● **Exercise aim**
Output, exactly as written, the lines below from the one that has "Immigrants from Austria" through the one that has "キャンター 8代目 ブルーテック"; nothing else, and no pictures.

● **Supplied material**

---+---

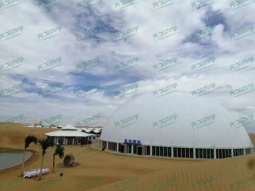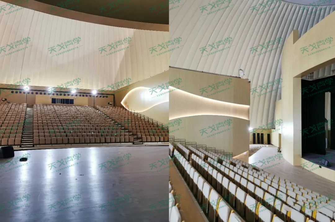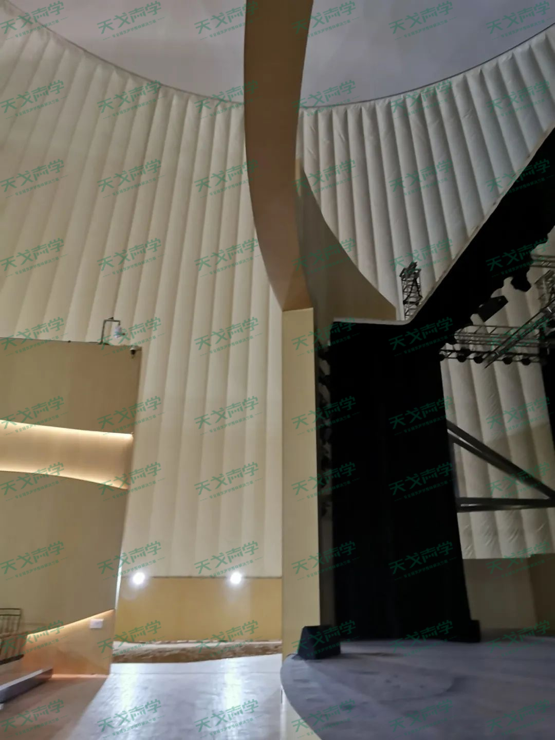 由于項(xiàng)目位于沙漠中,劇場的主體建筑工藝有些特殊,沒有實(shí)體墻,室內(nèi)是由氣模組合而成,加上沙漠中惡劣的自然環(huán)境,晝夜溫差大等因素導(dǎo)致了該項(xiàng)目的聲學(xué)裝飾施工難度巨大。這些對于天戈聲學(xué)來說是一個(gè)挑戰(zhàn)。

---+---

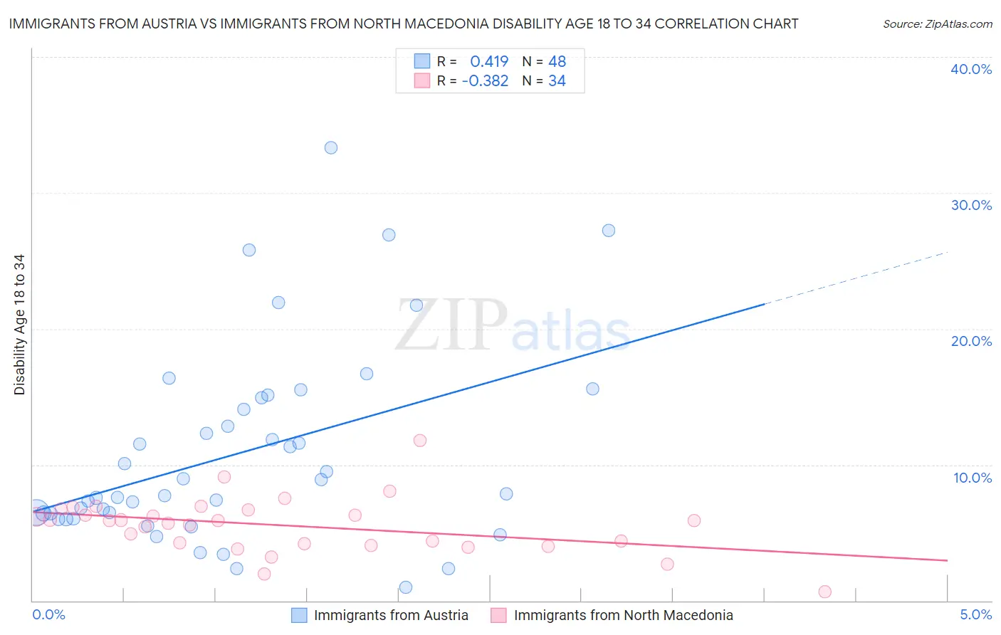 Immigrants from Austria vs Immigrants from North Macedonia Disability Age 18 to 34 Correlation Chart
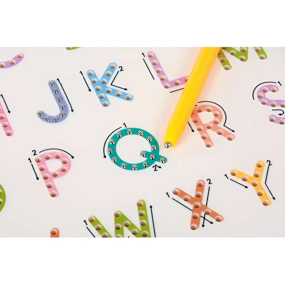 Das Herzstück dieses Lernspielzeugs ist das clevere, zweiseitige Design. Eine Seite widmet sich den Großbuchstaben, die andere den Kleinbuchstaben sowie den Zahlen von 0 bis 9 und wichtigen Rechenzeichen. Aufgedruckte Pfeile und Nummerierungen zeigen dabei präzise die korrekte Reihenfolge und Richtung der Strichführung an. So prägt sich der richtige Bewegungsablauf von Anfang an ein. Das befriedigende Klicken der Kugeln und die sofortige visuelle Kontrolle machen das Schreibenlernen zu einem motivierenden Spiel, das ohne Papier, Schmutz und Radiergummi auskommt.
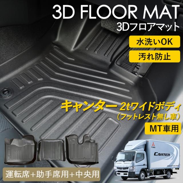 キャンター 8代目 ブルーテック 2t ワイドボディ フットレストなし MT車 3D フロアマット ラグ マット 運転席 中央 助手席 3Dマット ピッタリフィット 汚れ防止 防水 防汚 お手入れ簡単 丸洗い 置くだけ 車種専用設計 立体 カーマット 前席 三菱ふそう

---+---

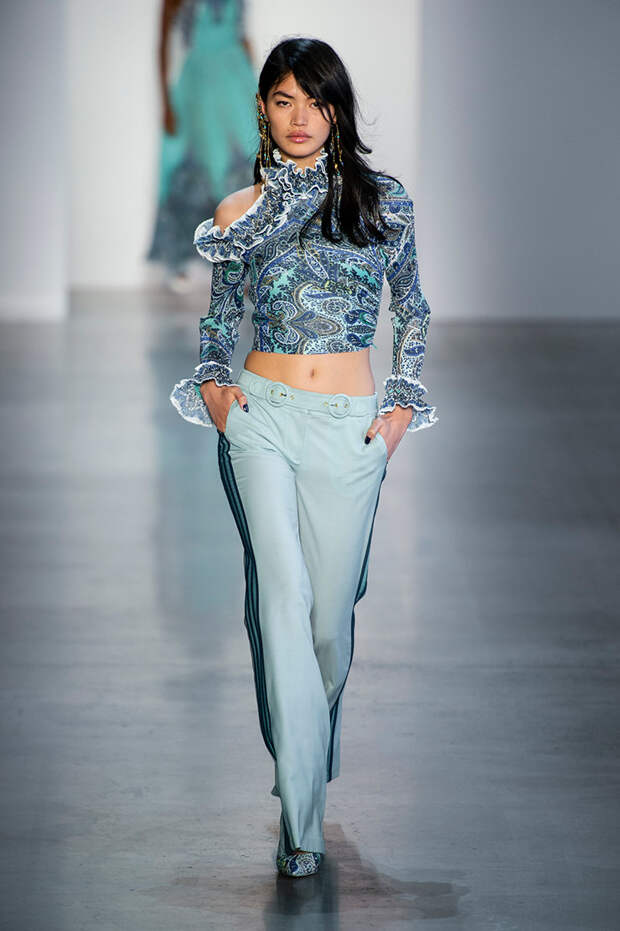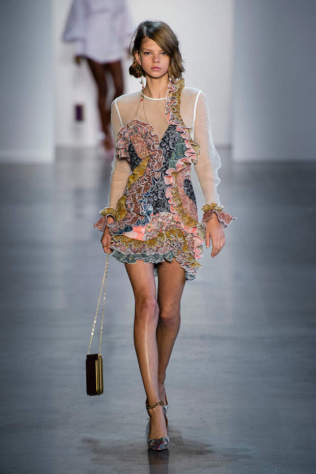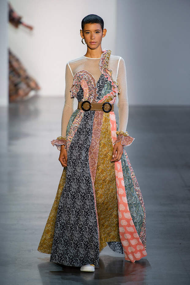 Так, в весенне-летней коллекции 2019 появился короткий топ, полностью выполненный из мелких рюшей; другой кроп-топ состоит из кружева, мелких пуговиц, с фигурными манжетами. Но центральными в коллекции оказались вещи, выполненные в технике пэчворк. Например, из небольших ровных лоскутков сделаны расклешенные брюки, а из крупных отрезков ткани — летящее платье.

---+---

● **Your response**
 Immigrants from Austria vs Immigrants from North Macedonia Disability Age 18 to 34 Correlation Chart
 Das Herzstück dieses Lernspielzeugs ist das clevere, zweiseitige Design. Eine Seite widmet sich den Großbuchstaben, die andere den Kleinbuchstaben sowie den Zahlen von 0 bis 9 und wichtigen Rechenzeichen. Aufgedruckte Pfeile und Nummerierungen zeigen dabei präzise die korrekte Reihenfolge und Richtung der Strichführung an. So prägt sich der richtige Bewegungsablauf von Anfang an ein. Das befriedigende Klicken der Kugeln und die sofortige visuelle Kontrolle machen das Schreibenlernen zu einem motivierenden Spiel, das ohne Papier, Schmutz und Radiergummi auskommt.
 キャンター 8代目 ブルーテック 2t ワイドボディ フットレストなし MT車 3D フロアマット ラグ マット 運転席 中央 助手席 3Dマット ピッタリフィット 汚れ防止 防水 防汚 お手入れ簡単 丸洗い 置くだけ 車種専用設計 立体 カーマット 前席 三菱ふそう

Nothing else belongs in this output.